> [EXERCISE REQUIREMENTS] Would you please repeat exactly the entries below, starting at the line with "在数字化转型浪潮中,基层治理" and ending at the line with "The following set", and nothing outside that range? Leave out the pictures.

╭─ SUPPLIED RECORDS

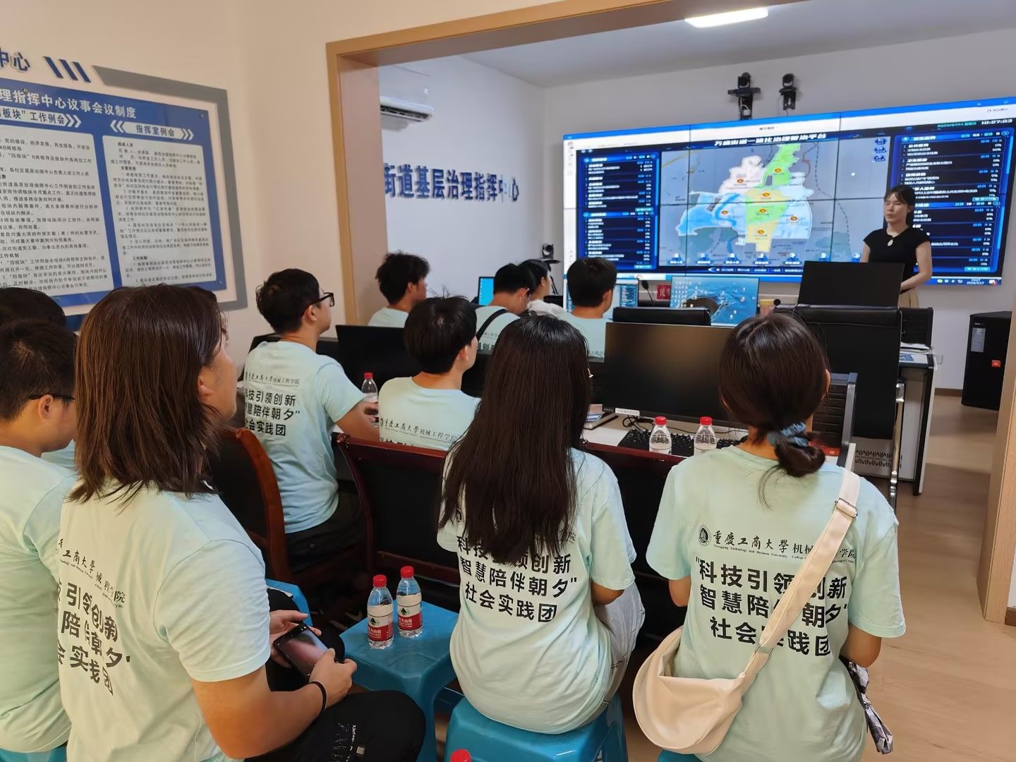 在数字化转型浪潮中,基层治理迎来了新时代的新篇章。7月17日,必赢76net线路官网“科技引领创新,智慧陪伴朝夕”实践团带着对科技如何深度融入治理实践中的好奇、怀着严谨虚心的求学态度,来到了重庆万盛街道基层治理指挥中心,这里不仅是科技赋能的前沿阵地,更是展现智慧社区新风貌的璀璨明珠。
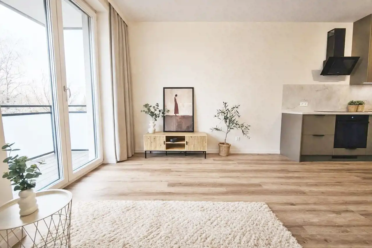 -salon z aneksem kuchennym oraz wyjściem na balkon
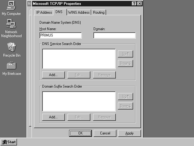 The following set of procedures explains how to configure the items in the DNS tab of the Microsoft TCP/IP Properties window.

╰─
╭─ SUPPLIED RECORDS

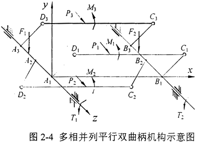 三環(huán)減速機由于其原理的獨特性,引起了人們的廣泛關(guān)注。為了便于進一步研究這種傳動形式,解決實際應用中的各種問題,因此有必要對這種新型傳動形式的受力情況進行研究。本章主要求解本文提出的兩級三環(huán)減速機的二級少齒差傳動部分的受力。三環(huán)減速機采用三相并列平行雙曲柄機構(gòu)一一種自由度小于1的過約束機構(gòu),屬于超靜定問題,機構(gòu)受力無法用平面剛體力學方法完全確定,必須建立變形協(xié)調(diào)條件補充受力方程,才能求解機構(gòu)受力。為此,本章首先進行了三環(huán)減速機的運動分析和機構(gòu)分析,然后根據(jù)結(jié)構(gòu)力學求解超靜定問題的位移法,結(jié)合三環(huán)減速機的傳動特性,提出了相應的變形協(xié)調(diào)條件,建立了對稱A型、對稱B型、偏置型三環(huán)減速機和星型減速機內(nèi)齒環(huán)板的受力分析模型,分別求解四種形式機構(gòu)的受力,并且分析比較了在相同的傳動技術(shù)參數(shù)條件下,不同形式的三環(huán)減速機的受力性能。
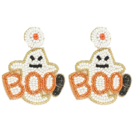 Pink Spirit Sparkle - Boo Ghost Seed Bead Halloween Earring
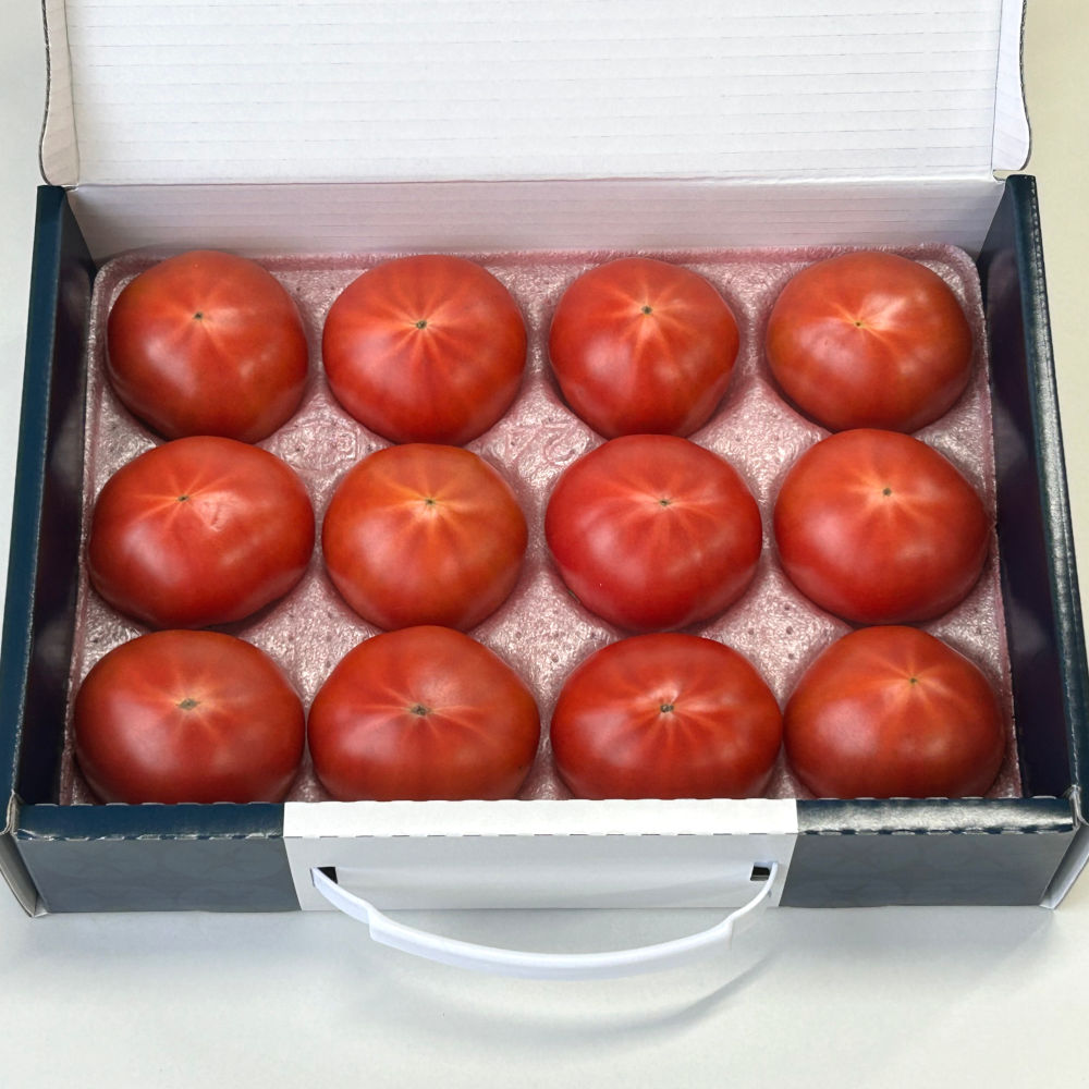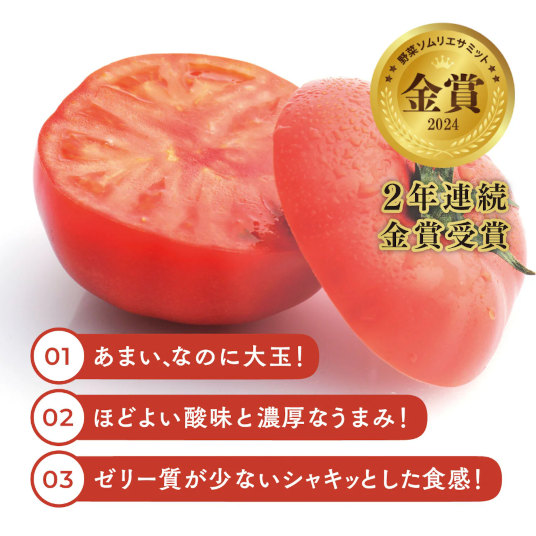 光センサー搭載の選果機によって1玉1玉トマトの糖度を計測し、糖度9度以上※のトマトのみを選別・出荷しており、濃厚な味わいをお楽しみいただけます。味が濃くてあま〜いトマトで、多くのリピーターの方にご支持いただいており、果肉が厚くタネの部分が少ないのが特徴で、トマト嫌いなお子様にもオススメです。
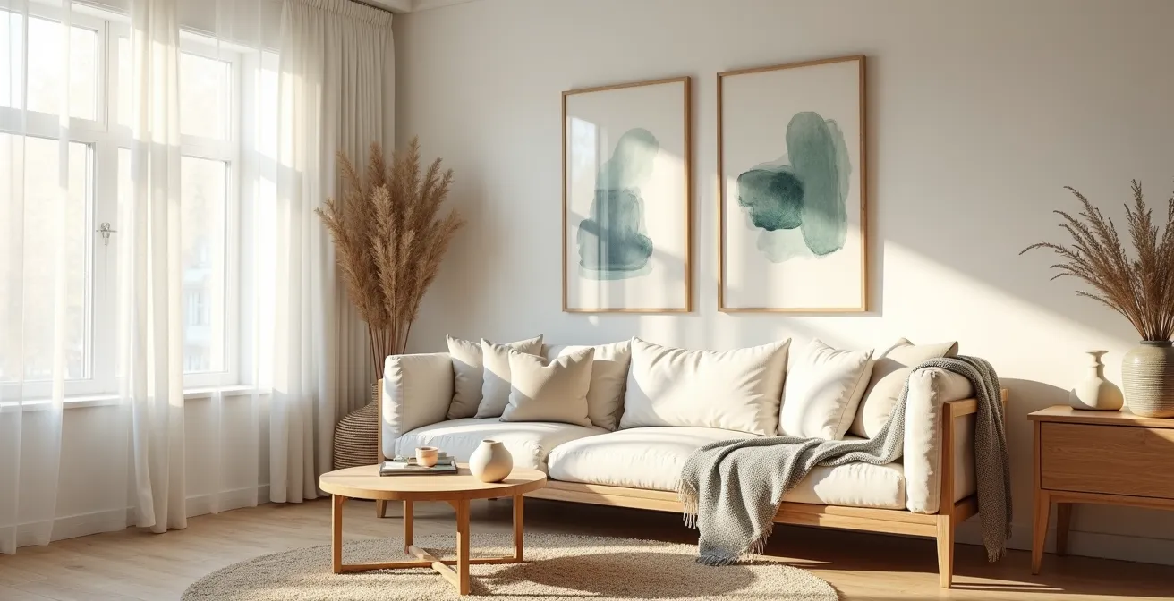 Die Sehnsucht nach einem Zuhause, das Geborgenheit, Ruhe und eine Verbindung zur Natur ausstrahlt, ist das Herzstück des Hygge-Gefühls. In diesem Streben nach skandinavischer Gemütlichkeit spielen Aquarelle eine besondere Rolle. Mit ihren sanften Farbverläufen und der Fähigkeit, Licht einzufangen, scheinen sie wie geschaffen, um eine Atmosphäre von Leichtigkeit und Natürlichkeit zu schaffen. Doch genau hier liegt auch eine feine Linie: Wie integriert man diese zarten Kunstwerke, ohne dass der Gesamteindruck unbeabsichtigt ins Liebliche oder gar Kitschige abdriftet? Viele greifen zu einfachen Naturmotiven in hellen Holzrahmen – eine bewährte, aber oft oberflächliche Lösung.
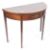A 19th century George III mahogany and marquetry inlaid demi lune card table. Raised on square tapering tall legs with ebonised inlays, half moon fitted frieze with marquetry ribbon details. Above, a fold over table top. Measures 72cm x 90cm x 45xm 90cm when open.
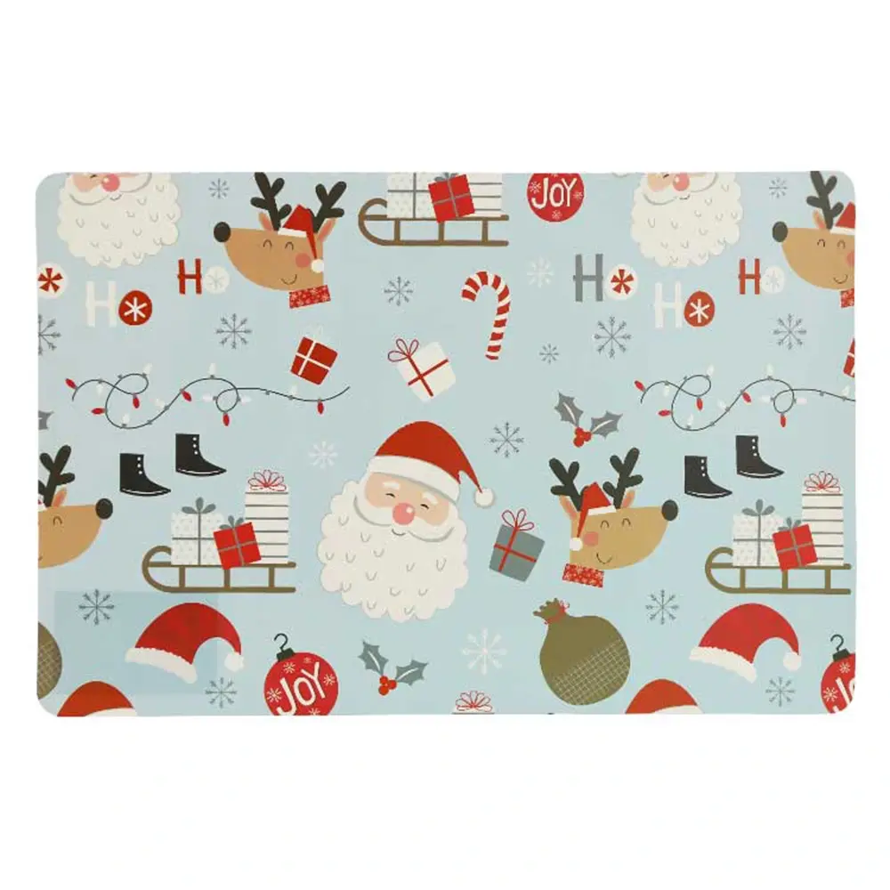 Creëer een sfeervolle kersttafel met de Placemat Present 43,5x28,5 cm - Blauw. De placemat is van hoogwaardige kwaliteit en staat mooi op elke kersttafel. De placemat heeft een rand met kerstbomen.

╰─
╭─ SUPPLIED RECORDS

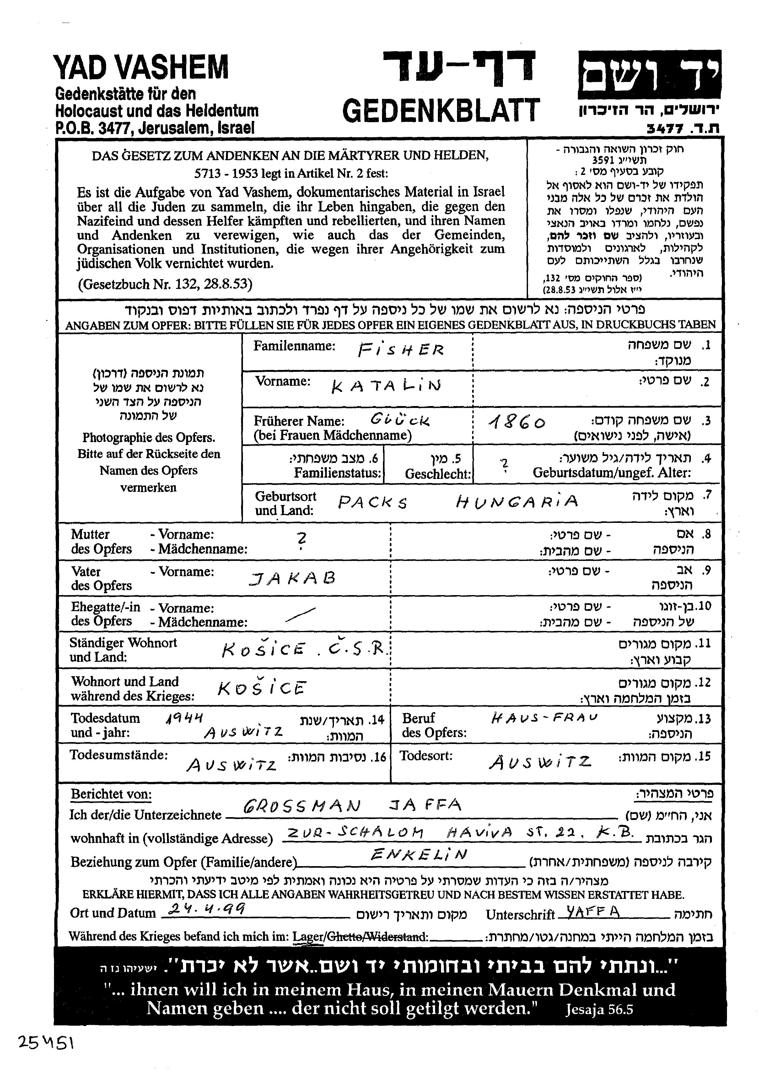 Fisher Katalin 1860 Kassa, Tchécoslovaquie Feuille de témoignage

╰─

> [FINISHED TASK]
 在数字化转型浪潮中,基层治理迎来了新时代的新篇章。7月17日,必赢76net线路官网“科技引领创新,智慧陪伴朝夕”实践团带着对科技如何深度融入治理实践中的好奇、怀着严谨虚心的求学态度,来到了重庆万盛街道基层治理指挥中心,这里不仅是科技赋能的前沿阵地,更是展现智慧社区新风貌的璀璨明珠。
 -salon z aneksem kuchennym oraz wyjściem na balkon
 The following set of procedures explains how to configure the items in the DNS tab of the Microsoft TCP/IP Properties window.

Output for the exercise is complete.